__AVAILABLE DATA__.

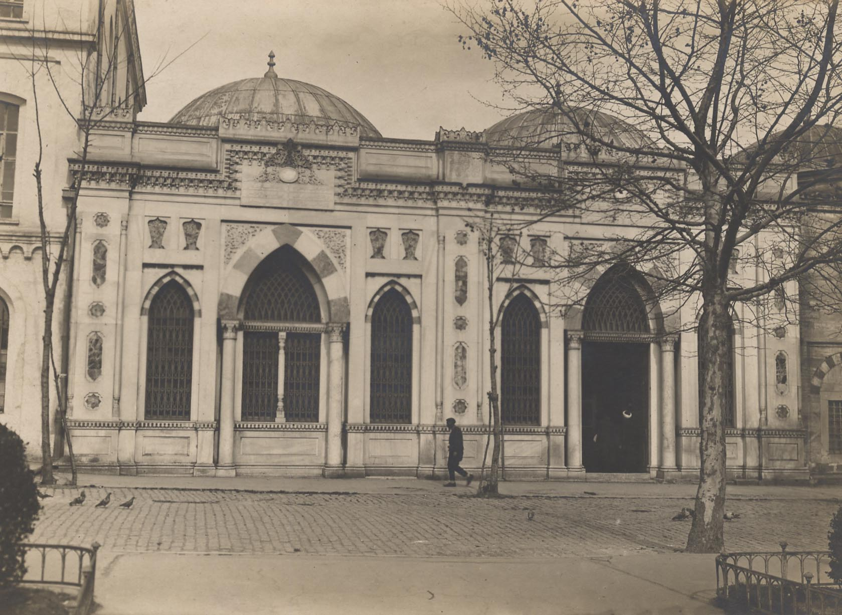 Beyazıt Devlet Kütüphanesi
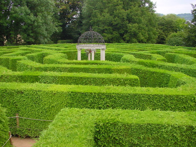 Jubilee Maze at Symonds Yat. Now offers an information centre, tours, shows. More information on its website
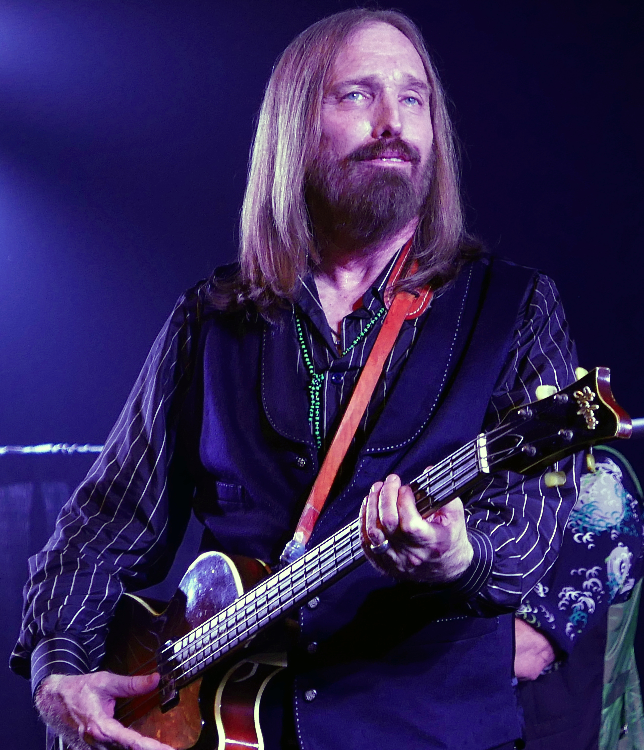 Tom Petty, performing with Mudcrutch, at the Fillmore, San Francisco, on June 20th, 2016 playing a Höfner 500/2 bass.
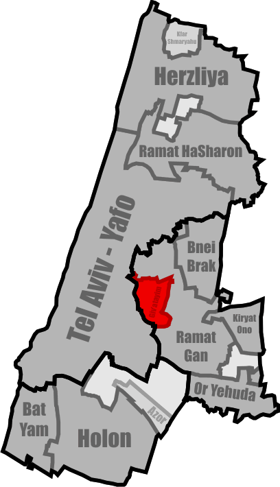 Location of Giv'atayim within the Tel Aviv District.
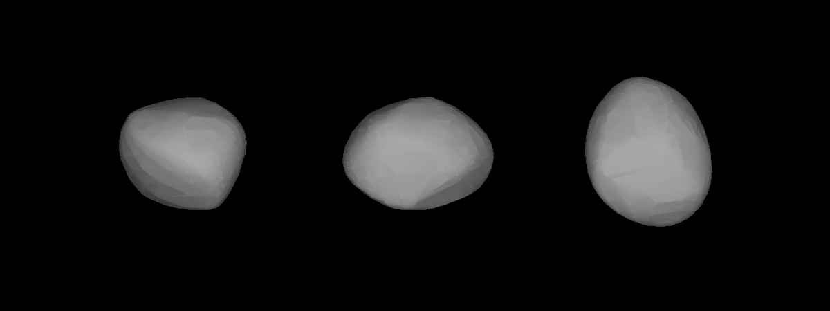 A three-dimensional model of 306 Unitas that was computed using light curve inversion techniques.
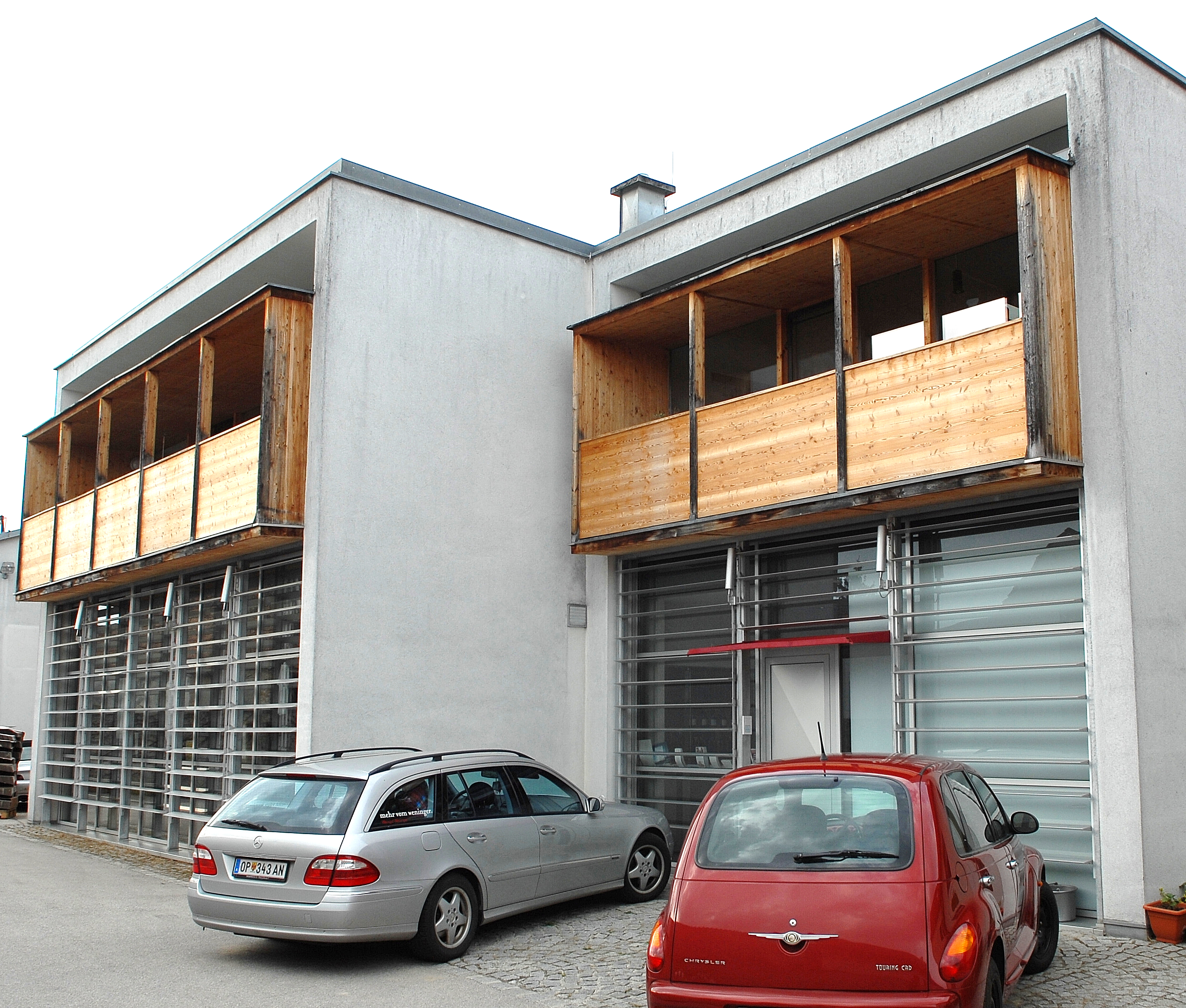 Weingut Weninger, exterieur
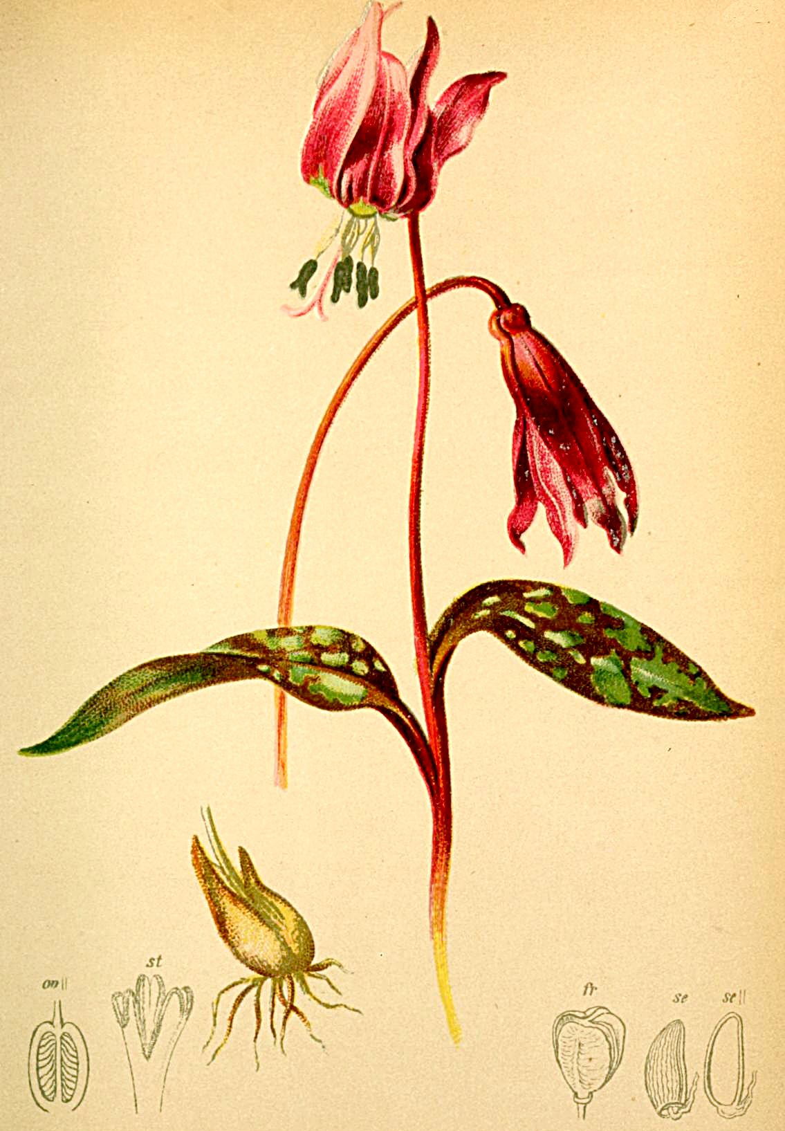 Erythronium dens-canis
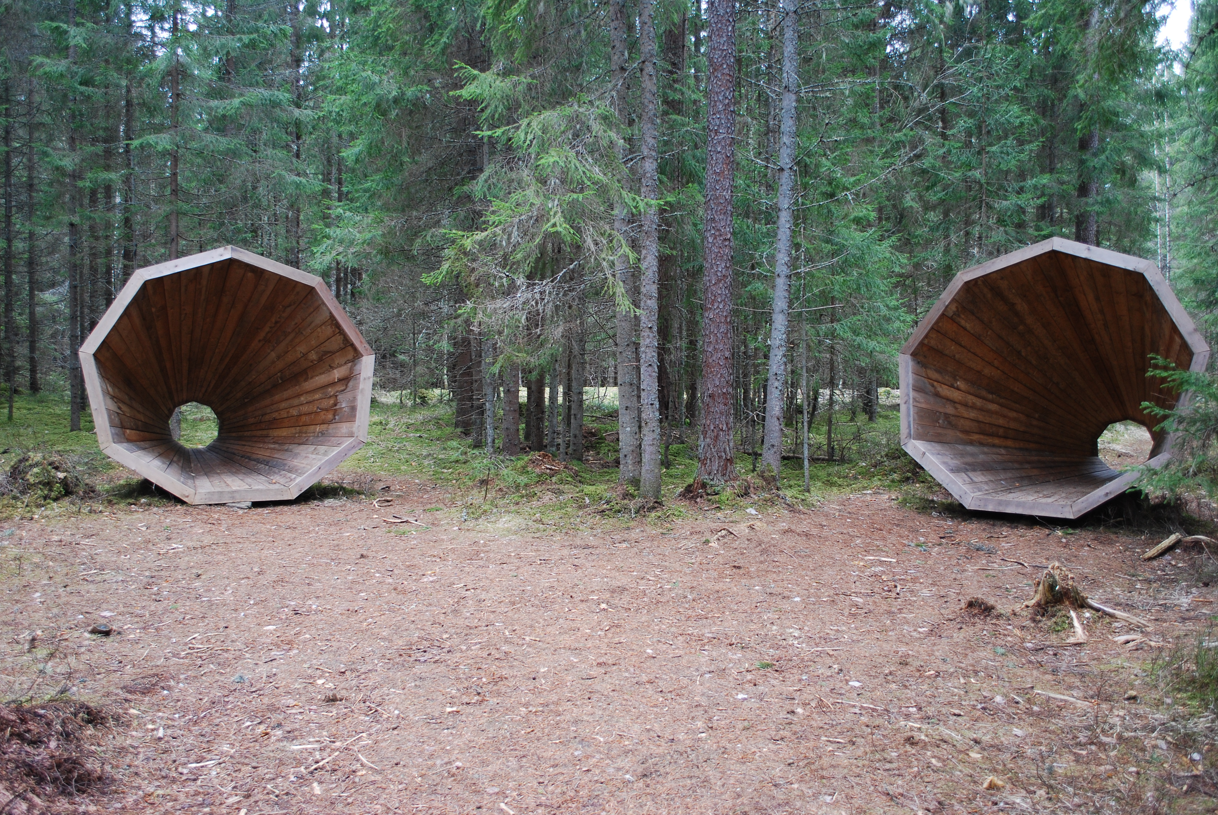 A forest library in Estonia for listening to the sounds of nature

__WHAT TO DO__.
Restate the whole listing word for word. Omit the pictures.

__SOLUTION BELOW__.
 Beyazıt Devlet Kütüphanesi
 Jubilee Maze at Symonds Yat. Now offers an information centre, tours, shows. More information on its website
 Tom Petty, performing with Mudcrutch, at the Fillmore, San Francisco, on June 20th, 2016 playing a Höfner 500/2 bass.
 Location of Giv'atayim within the Tel Aviv District.
 A three-dimensional model of 306 Unitas that was computed using light curve inversion techniques.
 Weingut Weninger, exterieur
 Erythronium dens-canis
 A forest library in Estonia for listening to the sounds of nature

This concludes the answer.